Not until the twelfth century, though, did Arthur achieve a quasi-historical existence as the greatest of British kings in the works of Geoffrey of Monmouth.

It was in the French literature of the twelfth and thirteenth centuries that Arthur and his knights came to embody the rise, and eventual decline, of a court exemplifying an aristocratic ideal of chivalry. In the verse romances of Chrétien de Troyes, the focus shifts from the "history" of Arthur to the deeds of his knights who ride out from his court on fabulous adventures and exemplify the chivalric ethos. This would influence the Gawain poet.

Chivalry

From the 12th century onward chivalry came to be understood as a moral, religious and social code of knightly conduct. The particulars of the code varied, but codes would emphasize the virtues of courage, honor, and service. Chivalry also came to refer to an idealization of the life and manners of the knight at home in his castle and with his court.

Chivalric Code

Includes: Duties to countrymen and fellow Christians: this contains virtues such as mercy, courage, valor, fairness, protection of the weak and the poor, and in the servant-hood of the knight to his lord.
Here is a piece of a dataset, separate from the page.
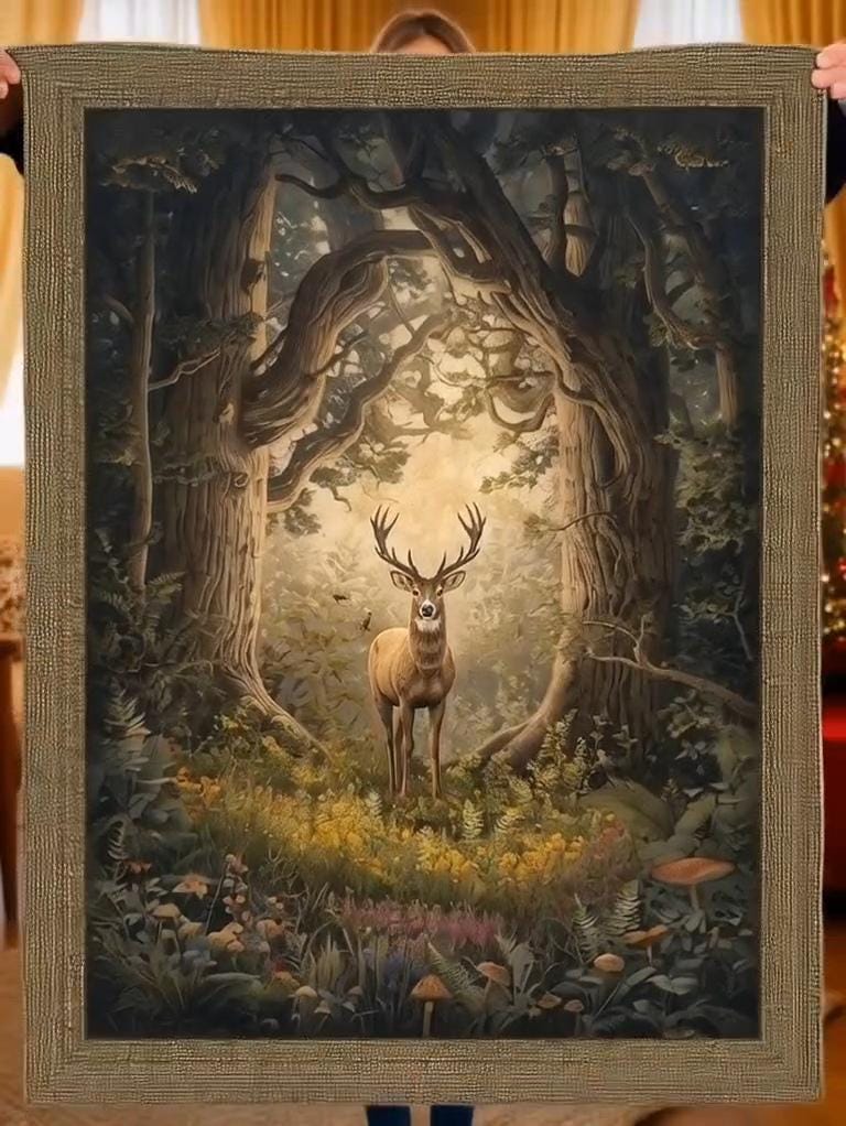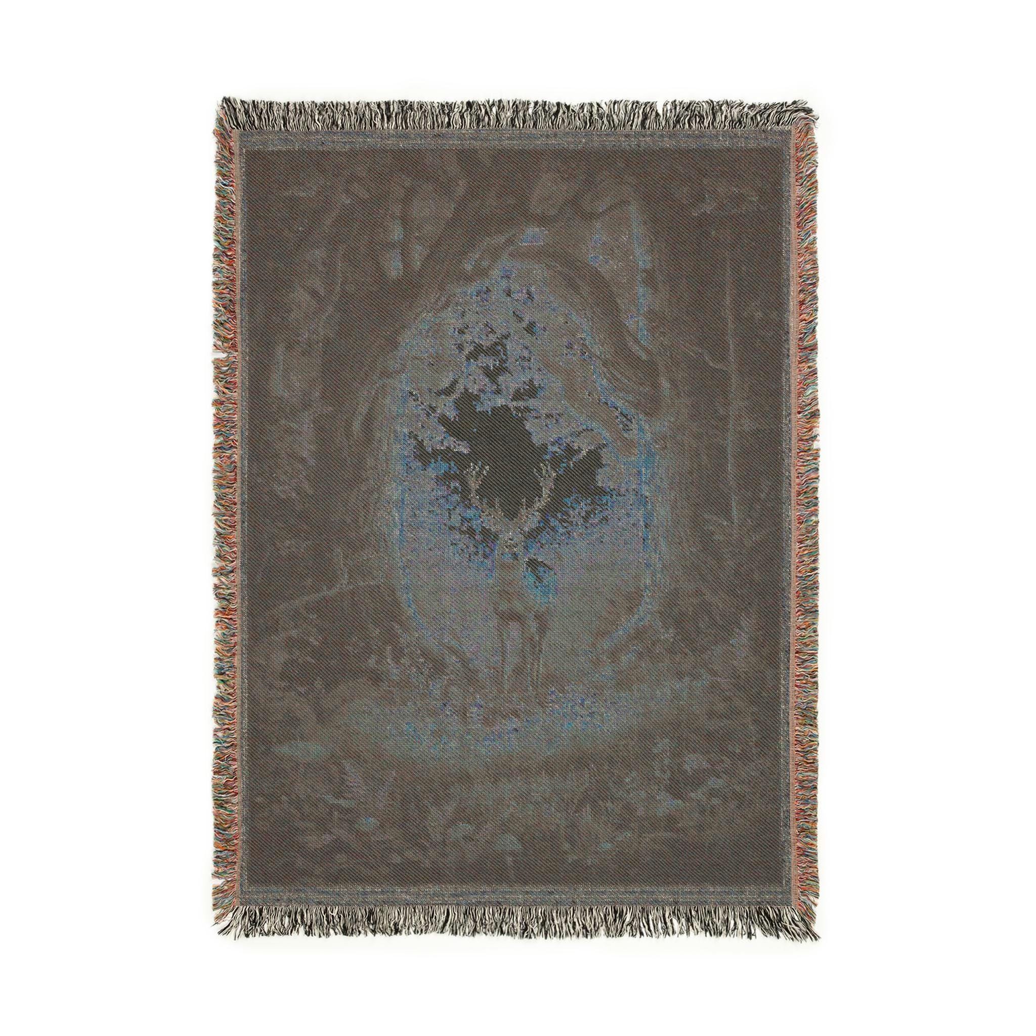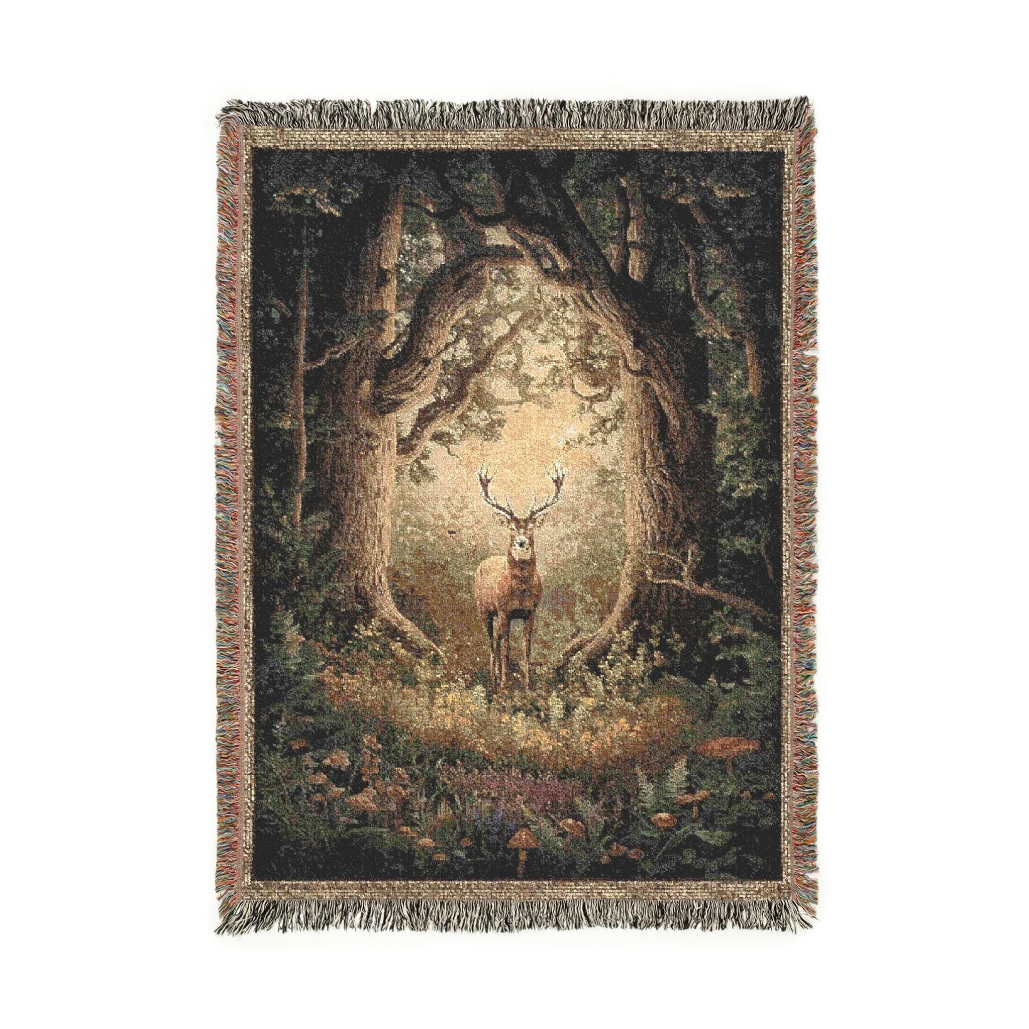 Midnight Forest Deer Woven Blanket - Dark Jacquard Throw with Fringe

This also brings with it the idea of being willing to give one’s life for another’s; whether he would be giving his life for a poor man or his lord.

Duties to God: this would contain being faithful to God, protecting the innocent, being faithful to the church, being the champion of good against evil, being generous and obeying God above the feudal lord.

Duties to women: this is probably the most familiar aspect of chivalry. This would contain what is often called courtly love, the idea that the knight is to serve a lady, and after her all other ladies. Most especially in this category is a general gentleness and graciousness to all women.